Lily left the scene of her parents' murder for the only thing that still mattered—her sister. She found Rosie at the county hospital, lying in a white bed surrounded by machines that beeped softly. The blast had left her body covered in burns, her small face almost recognisable beneath the bandages.
A grim-faced doctor described a nightmare diagnosis: Rosie's organs had all failed and she needed immediate, expensive surgery and transplants.
"I'll pay. I have my savings, it's all yours," Lily pleaded, desperate.
But the doctor, with soft regret, explained the reality: her savings were not enough for the immense procedure.
Worse, the hospital discovered that Lily and Rosie were not related by blood.
The transplants, the vast expense, and the legal liability were refused.
Lily pleaded, sobbed, and begged, but the bureaucratic wall would not break.
The doctors, seeing the sheer desperation of a girl who had just lost everyone, tried their best with the resources they had.
A day later, the doctors had done everything possible, but Rosie's severe injuries proved too great. Lily stood over the hospital bed, her last remaining link to a recognizable world held in place by tubes and machines.
Despite all the efforts, Rosie was officially in a coma. Lily, an orphan and alone, was left with two impossible mysteries: the beast that murdered her parents, and the man who bombed the bus.
Her phone buzzed with a message she did not recognize: MEET ME AT TOWER CLOCK AT 10:00. 99+ missed calls. The numbers looked like fingernails scratching a glass that you could not break.
That night, it rained as if the sky was falling apart. Lily walked through the drizzle without direction, the city around her glowing and blurring in the car lights. She had no umbrella, no strength left to care.

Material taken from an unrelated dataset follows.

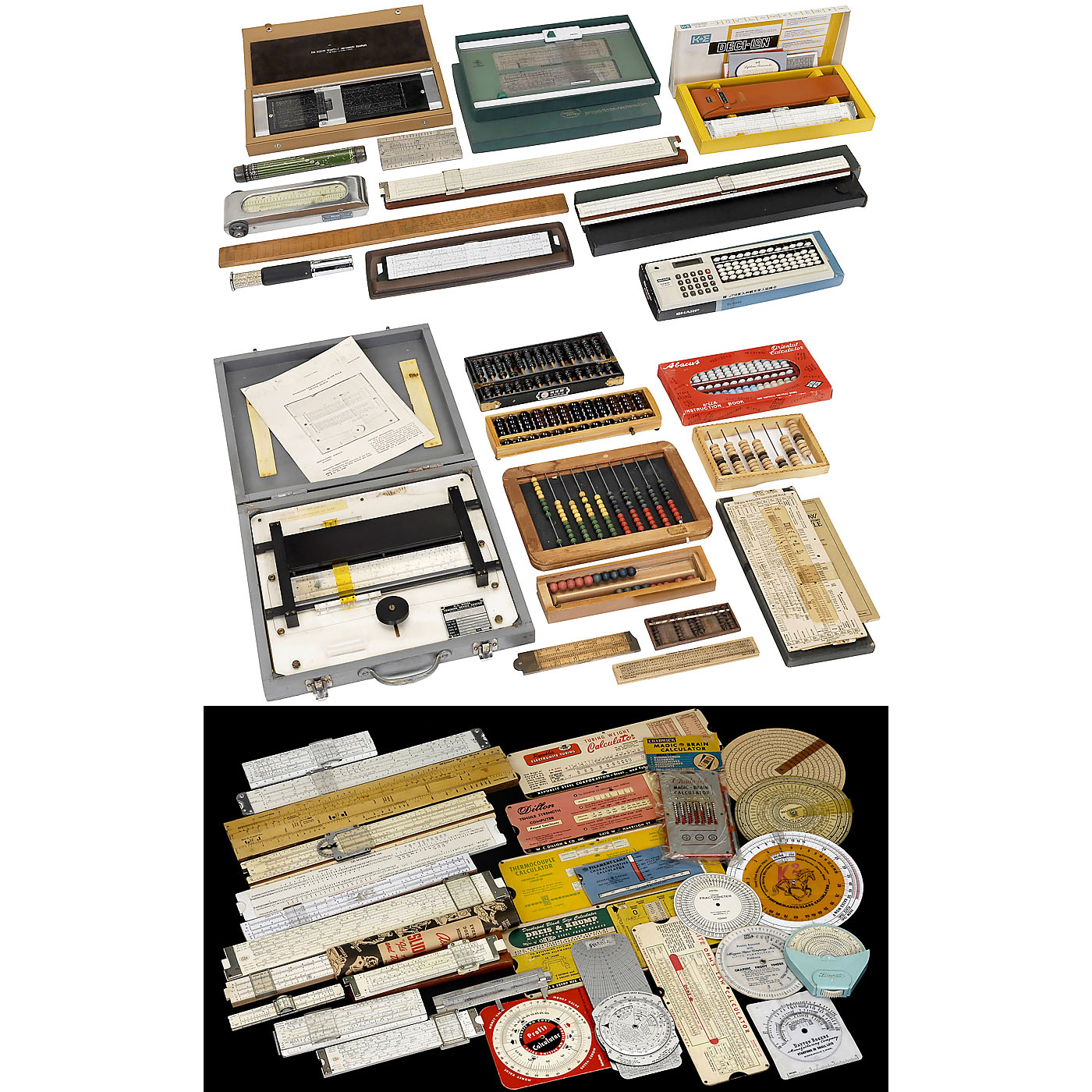 1) "Animated Transparency Slide Rule", U.S. Naval Training Device Center, for overhead projection, 1958. – 2) "Otis King's Pocket Calculator", c. 1930, logarithmic pocket drum calculator. – 3) "Gerber Graph analogue" model GA-103, with variable scale. – 4) "Darnley's Patent Rotatable Lightning Calculator", England. – 5) 4 slide rule pens: "Roller Rule", "Magic Multiplying Pencil", "Chicago Recording Scale" and "Nicolet Slide Rule Pencil". – 6) "Faber-Castell Projektions-Rechenstab", model 310/87, c. 1965. – 7) "Corona" lighter with slide rule, Japan, c. 1970. – 8) 20 slide rules, including Keuffel & Esser desk model and 2 Keuffel & Esser large-size models, length each 22 in. – 9) "Paisley Calculator", model A, USA, c. 1940. – 10) 8 abaci, including Sharp EL-8048, with electronic calculator. – 11) 17 disk adders and simple calculating devices. – 12) 3 boxwood measuring bars. – And: 13) "Lawrence Secret Code Maker".

A car suddenly swerved and sped toward her—too fast. The horn screamed. For a single frozen moment, the world narrowed to the instant before metal met bone.
A hand shot out of the rain and grabbed her, yanking her backward with a strength that was gentle and absolute. "Stupid girl! Watch where you're going—do you want to die?" a man barked, half-angry, half-terrified.
Lily's vision folded into the sensation of being held. The warmth of someone's coat, the quick beat of a human pulse under another heartbeat, the scent of smoke and leather. She fainted in his arms.